Rockland area school district qualifies for $5 million state loan for improvements
ROCKLAND, Maine — Several area schools could pay for physical upgrades to improve accessibility, air quality and other health and safety measures with a $5 million state loan to the district school.
Regional School Unit 13 was notified earlier this month that all 13 project proposals submitted by the district to the Maine Department of Education had been approved for loan through its revolving school renovation fund. With about 30% of the loan canceled ahead of time and the rest of the amount bearing no interest, district officials said this would allow them to improve student and staff safety.
“It’s a remarkable opportunity because we have to do these projects at some point. They have to do it and do it with an interest-free loan opportunity, and a lot of it gets paid off at the start, it’s great for taxpayers,” said RSU 13 School Board President Loren Andrews.
The district finance committee will discuss the potential loan at its meeting next week before sending its recommendations to the school board. Ultimately, district voters would have to approve the borrowing of the money. If the school board approves sending the question to voters, which Andrews said he believes, a referendum vote would likely take place in June.

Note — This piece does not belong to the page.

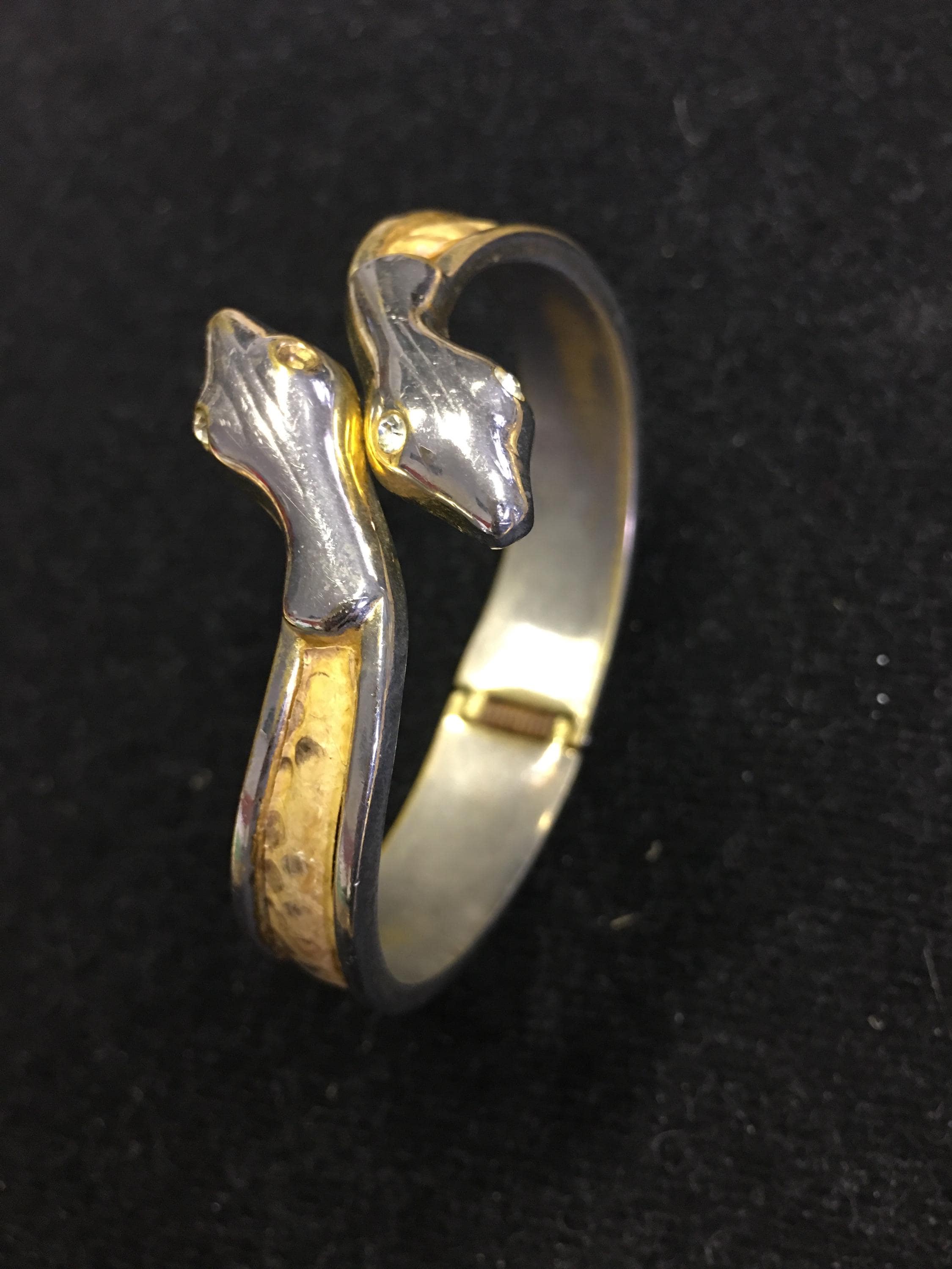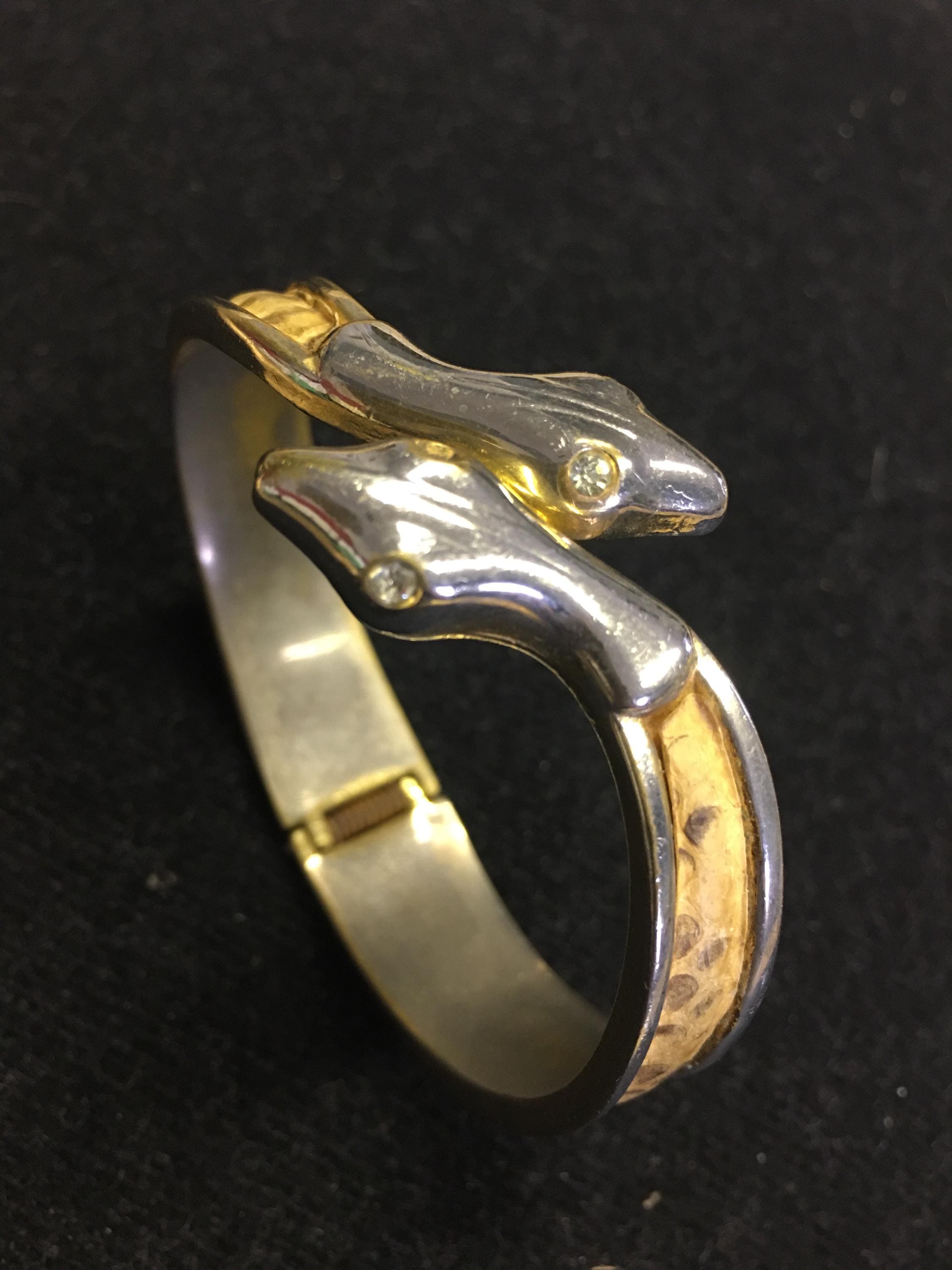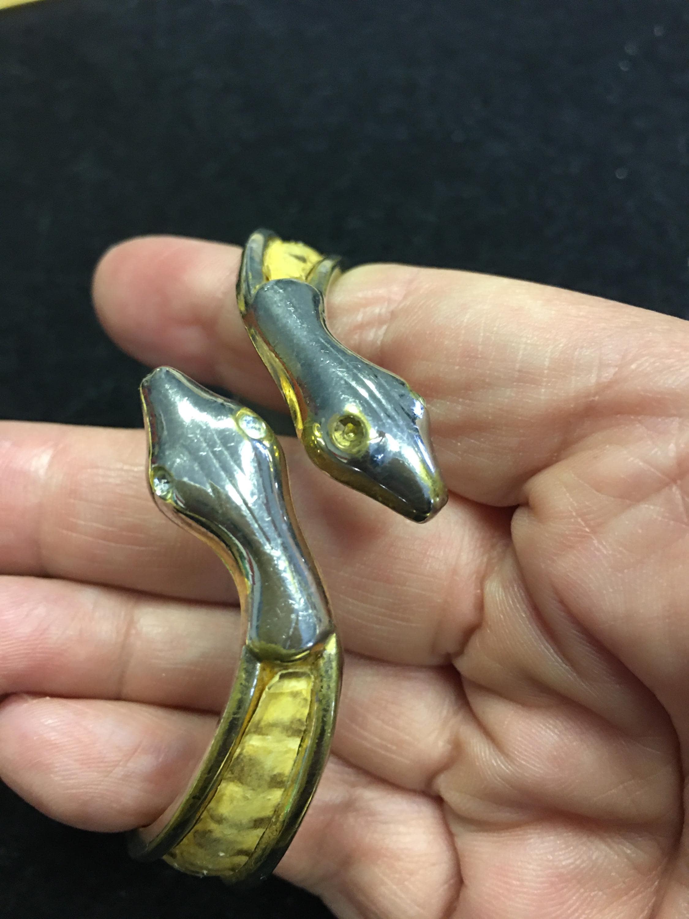 Vintage Snake cuff bracelet with beautiful Rhinestone detail and design. Striking piece. One rhinestone eye missing doesn't detract very hard to see. Looks fantastic on.

Six of the project proposals submitted involve bringing areas — such as bathrooms, doors, ramps, walkways and emergency exit routes — into compliance with the Americans with Disabilities Act at five district schools.
It’s common for Maine schools to need accessibility improvements that meet Americans with Disabilities Act standards, given that 600 schools in the state were built before the law was passed in 1990.
Over the past five years, RSU 13 has spent approximately $31 million on capital improvement projects, including the construction of a brand new school in Owls Head. Most of that work has focused on reconfiguring schools and creating more space in existing facilities following a district consolidation, according to RSU 13 business manager Pete Orne, but all the necessary improvements could not be achieved with this initial spending effort.
Additionally, over the past six years, the district has seen a surge in special education enrollment and the number of students requiring accessibility accommodations, which has highlighted some of the compliance gaps. to the Disability Act in its schools, Orne said.
“It was another opportunity to see something you should have seen before, but you didn’t have the goals to see it,” Orne said.
Last fall, the district commissioned an architect to review its facilities to determine areas to code, all of which will be addressed in proposed projects.
The COVID-19 pandemic has also prompted the district to take a closer look at its facilities, Orne said, particularly to try to find opportunities where air quality can be improved.
Four projects proposed at three schools involve improving air quality by replacing old windows, improving the ventilation system and fixing a drainage problem at an elementary school that created mold problems.
Other projects the district is seeking to undertake with the $5 million include replacing high school floor tiles that contain asbestos and replacing doors that do not close properly at two schools and could pose a risk to Security.
“Once you’re aware of a problem, it’s really important to fix it,” Orne said. “It became clear that these were issues that were not going to go away, that we were going to have to find a way to move forward with some type of capital improvement.”
Orne said he thinks he can craft the district budget so that loan repayment doesn’t impact local taxes.